I think it's easier to do it in a couple steps:

Chunk out the Representation's one by one. The regex above does that, but you could probably replace the attribute-matching part (the part in the non-capture group(?:\s*\w+="[^"]*")*\s*>) with something simpler like [^>]*?>, since you just need the whole Representation element & its children. To break down the full regex:
- <\s* - matches < followed by 0 or more whitespaces
- representation - matches representation, obviously. The IGNORECASE flag makes sure this matches case variations
- (?:\s*\w+="[^"]*")* - this matches zero or more attributes of the form blab_blah="value123", including whitespace around them. The (?: means it's a non-capturing group, so it isn't available via the python group() method afterwards. It's just there for the sake of repetition, ie, zero or more attributes, or (?:...)*. Again since you don't need the attribute matching here this could be simplified to something like like [^>]*?>, but it works for me.
- \s*> - spaces followed by >
- .*? - a bunch of content inside the element (including newlines due to the DOTALL flag), but anti-greedy matching so we make sure we stop at the first close tag we encounter and don't match a later one.
- <\/\s*representation\s*> - close tag, with optional whitespace
Once we have each "representation" element we can pull out the bandwidth into a first-class python integer to make it easy to compare to the input
Filter based on the value of bandwidth.

I think it's easier to pull out the bandwidth into an integer and compare it with the input than to try to work out an integer comparison within the regex itself.

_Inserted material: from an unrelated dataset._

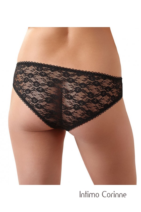 Slip in morbido pizzo elasticizzato con trama floreale abbellito da una stringatura a V frontale, molto sensuale...
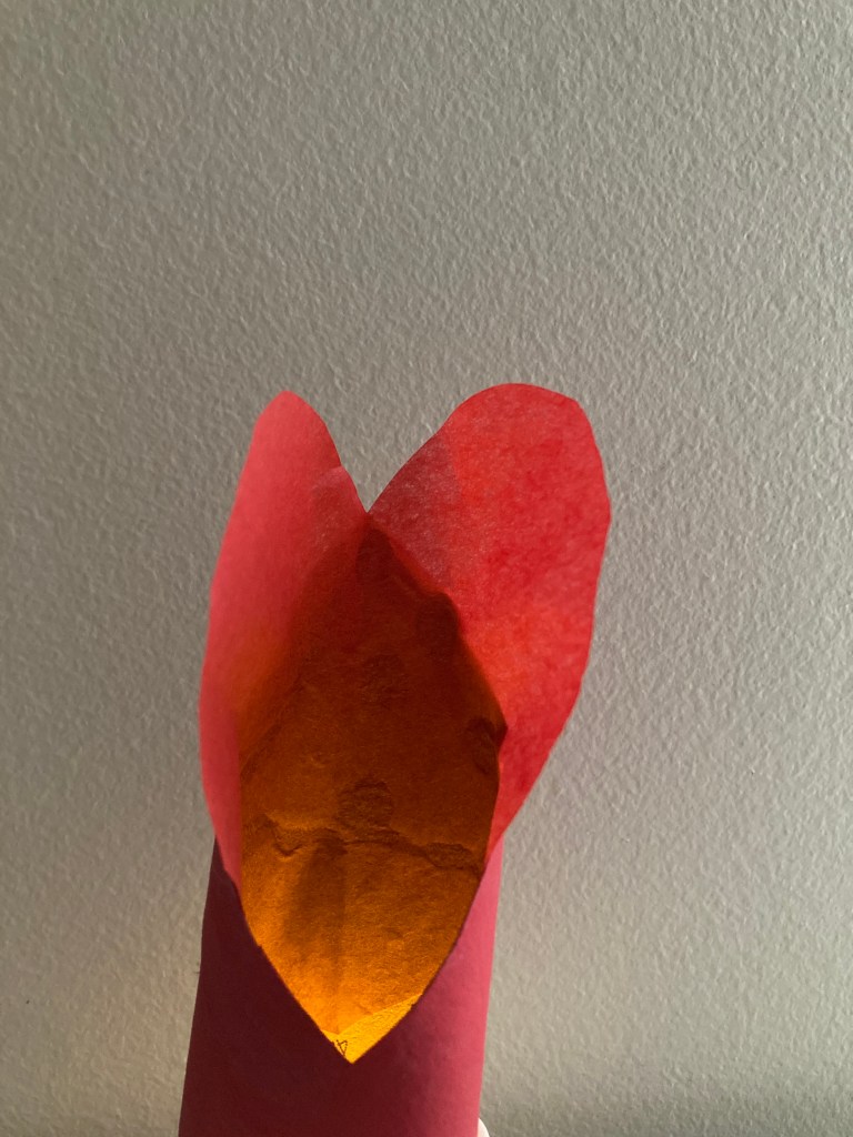 Glue the tissue paper heart on the inside of the toilet paper roll.

Also note that if there are no (or more than 1) instances of the bandwidth attribute, the code doesn't handle that. There are probably other brittle aspects...

And here's the version using ElementTree. The reason this is in general better is that you aren't depending on your own ability to parse out the particulars of all possible combinations of XML grammar. Using a library means they've already thought out all that stuff and all you have to match are small pieces like the names of elements and attributes, so the code is less likely to break. But maybe this is a homework question or something...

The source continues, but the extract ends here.